Azure Databricks: End-to-end web-based analytics platform
With Azure Databricks it is easy to analyze very large volumes of data using the enormous computing power available in the cloud environment.
What is Databricks and Azure Databricks?
Databricks is developed by the founders of Apache Spark and is an end-to end (from development to production) web-based analytics platform that makes it easy to combine Big Data, Data Science and Apacke Spark.
In 2017, Microsoft and Databricks, under the name Azure Databricks, entered into a collaboration that has enabled to fully integrate a Databricks platform in a Azure-environment.
This collaboration between Azure as a Cloud provider and Databricks as the Apache Spark platform, allows the huge computing power of Databricks to be integrated into a fully integrated cloud environment where the services speak the same language – now also with the Databricks framework
Watch a video and het a quick overview of Azure Databricks!

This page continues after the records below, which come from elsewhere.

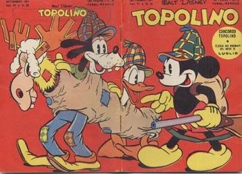 Pencil, ink and white lead on cardboard. Original cover done by Rubino for Topolino n. 33 published by Mondadori in September 1951. A museum piece.
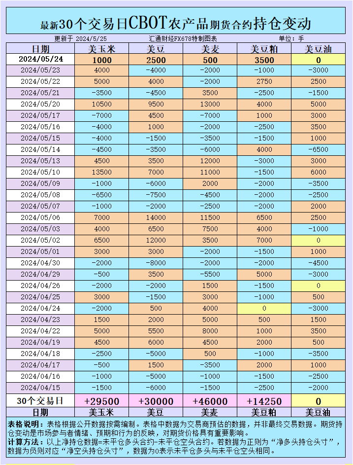 根据汇通财经观察,海外交易商估算的结果显示,本周五(5月24日),大宗商品基金增加CBOT玉米、美麦、美豆、美豆粕投机性净多头头寸,美豆油未平仓多头与未平仓空头相同。最新30个交易日,大宗商品基金增加美豆粕、美麦、美玉米、美豆投机性净多头头寸,美豆油未平仓多头与未平仓空头相同。具体变动数据见图表。
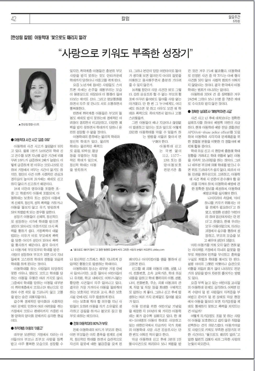 아동학대 사건 사고가 끊임없이 터지고 있다. 올해 1분기 5,695건의 학대 신고 건수를 보면 지난해 같은 기간에 비해 무려 109%가 급증하여 2배가 늘었다. 이렇게 급증하게 된 이유는 코로나 19로 인하여 가정에서 머무는 시간이 많기도 하지만, 정인이 사건 이후 사회적인 관심과 경각심이 높아져 과거에는 제대로 신고하지 않다가 신고하기 때문이다.

Databricks and Azure Databricks features
Databricks is basically created to make it easy to work with. The solution therefore contains a lot of user-friendly features:
- Real-time visualizations in the Notebook
- Integration with Github and Bitbucket
- Databrick’s own Notebook that acts as Databrick’s own Interactive Development Environment (IDE)
- An internal dashboard connected to your Notebook
- Direct scheduling of each Notebook
- Notebooks that support multiple languages: R, Python, SQL, and Scala
Azure Databricks and Apache Spark
One of the great strengths of the collaboration between Azure and Databricks is that you have an Apache Spark platform that is fully integrated with all known Azure components such as Azure Data Factory and Azure Blob Storage, allowing for continuous pipelines in each project.
A related important aspect of Databricks is the ability to share different profiles, making it easier and more secure for different profiles such, as Data Engineers and Data Scientist, to work together on individual projects in the Databricks environment.
Databricks also have the option of Auto-Scaling your resources. This means that you can have a cluster that automatically adapts to what you need at the given time. In general, the entire clustering aspect is handled by Databricks, which makes it easy to get started with Cluster Computing even for beginners. When you reach a more advanced level in the process of spark, there are also opportunities to monitor your programs directly from Databricks to optimize these.
How Databricks can be used
In addition to the general benefit of having an easy overview of your pipelines and cluster computing advantage when processing very large volumes of data, here we will look at two examples where Databrick’s makes particular sense:
Tasks that include using Machine Learning or Deep Learning
In addition to having an easy and clear integration to all the major Machine Learning libraries as well as necessities that come before and after Machine Learning development, Databricks has the advantage that the very large computations or data volumes that are commonly associated with Machine Learning and Deep Learning can easily be orchestrated on your automatically started cluster.
Tasks that include using real time streaming data such as IoT data from machines
Here you can take advantage of Databrick’s Apache Spark foundation, more specifically the extension to Apache Sparks core API: Spark Streaming, which is set up to work with frequently used data sources such as Kafka, HDFS and Twitter. Spark Streaming is also fully integrated into Databricks and is very easy to set up and use.
Is Azure Databrick for you?
Many different profiles can benefit from Databricks, but overall it makes sense if you:
Have many different profiles working together
Need to be able to handle queries in varying amounts
Work with very large amounts of data and/or very heavy calculations
Would like everything in one place with a user-friendly design and set-up
Want direct scheduling of each Notebook
Want the ability to switch freely between languages R, Python, SQL, and Scala – even in the same Notebook
What is Apache Spark?
Apache Spark is an open-source distributed cluster computing framework that started in 2013, which in recent years has become one of the preferred platforms for Artificial Intelligence and real-time applications. But what does it really mean to be an “open source distributed cluster computing framework”?
By open source is meant software where the source code is freely available for use and contribution. In this case, it’s about Scala, on which Apache Spark is built.
Distributed cluster computing means that the programs you execute are processed (distributed) on a group of computers (a cluster).
You could say that you break down a bigger problem into smaller problems, and let each node (computer) in its cluster handle a smaller chunk of the task at the same time and therefore reach the result much faster.
This distribution (mapping) of the tasks to the available nodes as well as the aggregation of the individual results (reducing) occurs automatically and in most cases is an advantage when it comes to time spent when working with very large data volumes.